**Raw data:**

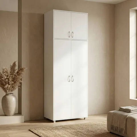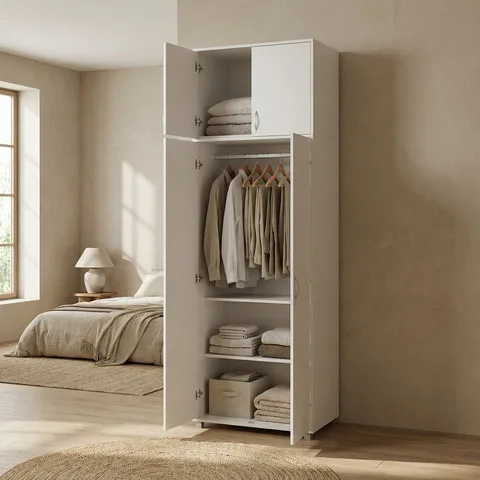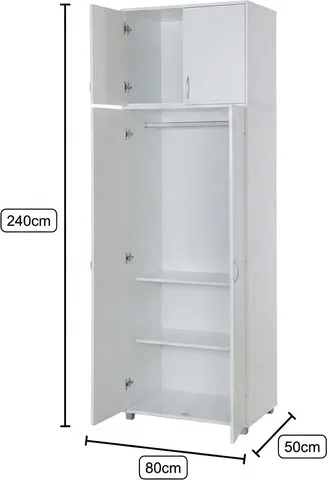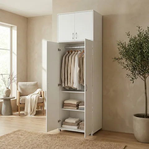 ארון בגדים גבוה 2 דלתות | משולב ארון עליון לתוספת אחסון | מדפים ותליה
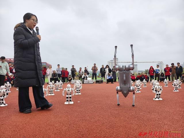 另一边,市科技馆工作人员滕诗贻化身主持人,带领两只智能机器狗登场互动。机器狗拟人化表演惟妙惟肖,孩子们纷纷围上前,近距离感受人工智能的独特魅力。当天,由宇树机器人组成的团体表演也是让人难以忘怀。此外,志愿者在表演中还穿插了科普课,在玩中学、学中悟,拓宽了科技视野。
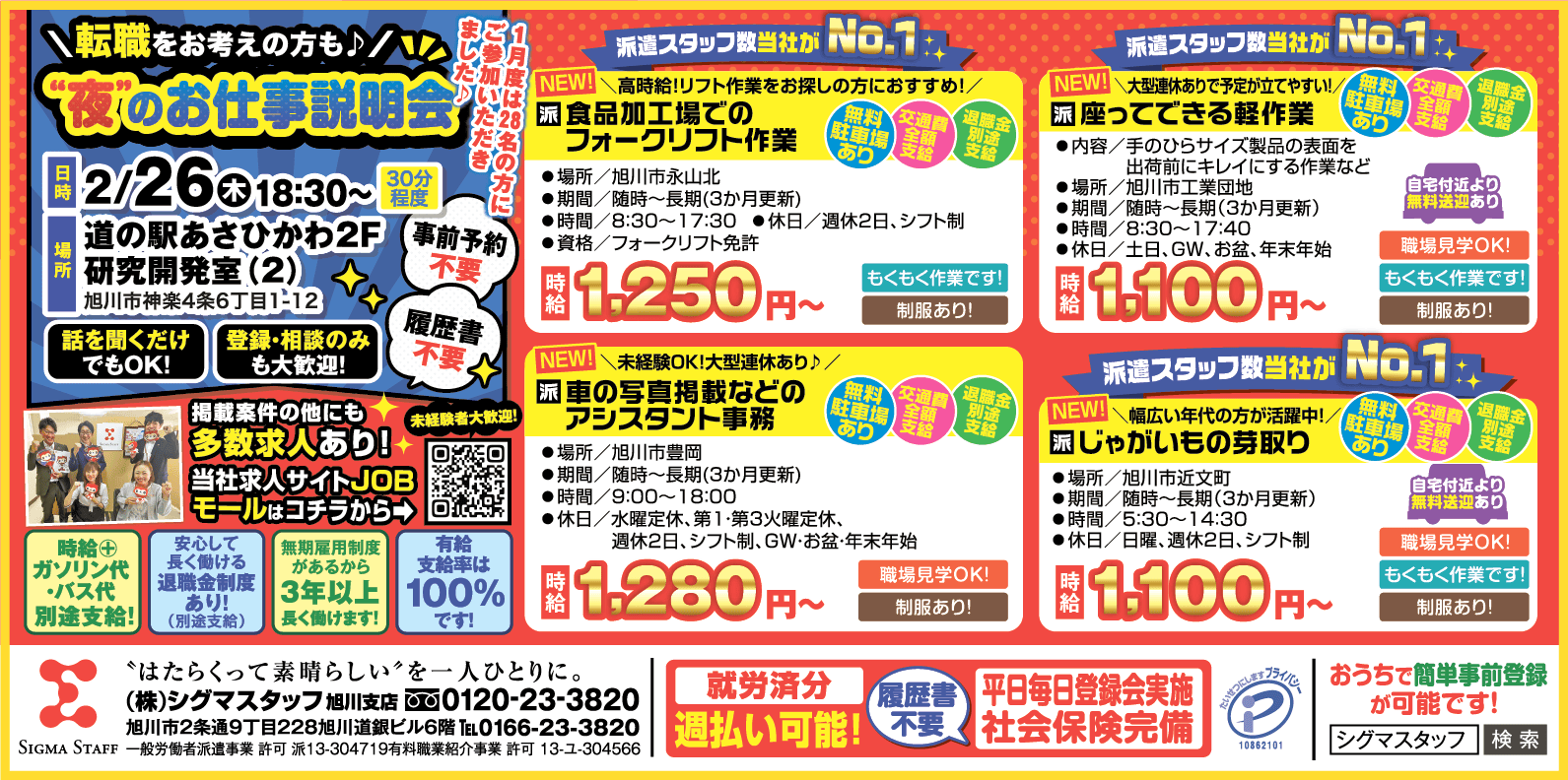 | 企業名 | 株式会社 シグマスタッフ 旭川支店 |

**Exercise aim:** The preceding listing is to be restated word for word, with every picture omitted.

**Solution for this task:**
 ארון בגדים גבוה 2 דלתות | משולב ארון עליון לתוספת אחסון | מדפים ותליה
 另一边,市科技馆工作人员滕诗贻化身主持人,带领两只智能机器狗登场互动。机器狗拟人化表演惟妙惟肖,孩子们纷纷围上前,近距离感受人工智能的独特魅力。当天,由宇树机器人组成的团体表演也是让人难以忘怀。此外,志愿者在表演中还穿插了科普课,在玩中学、学中悟,拓宽了科技视野。
 | 企業名 | 株式会社 シグマスタッフ 旭川支店 |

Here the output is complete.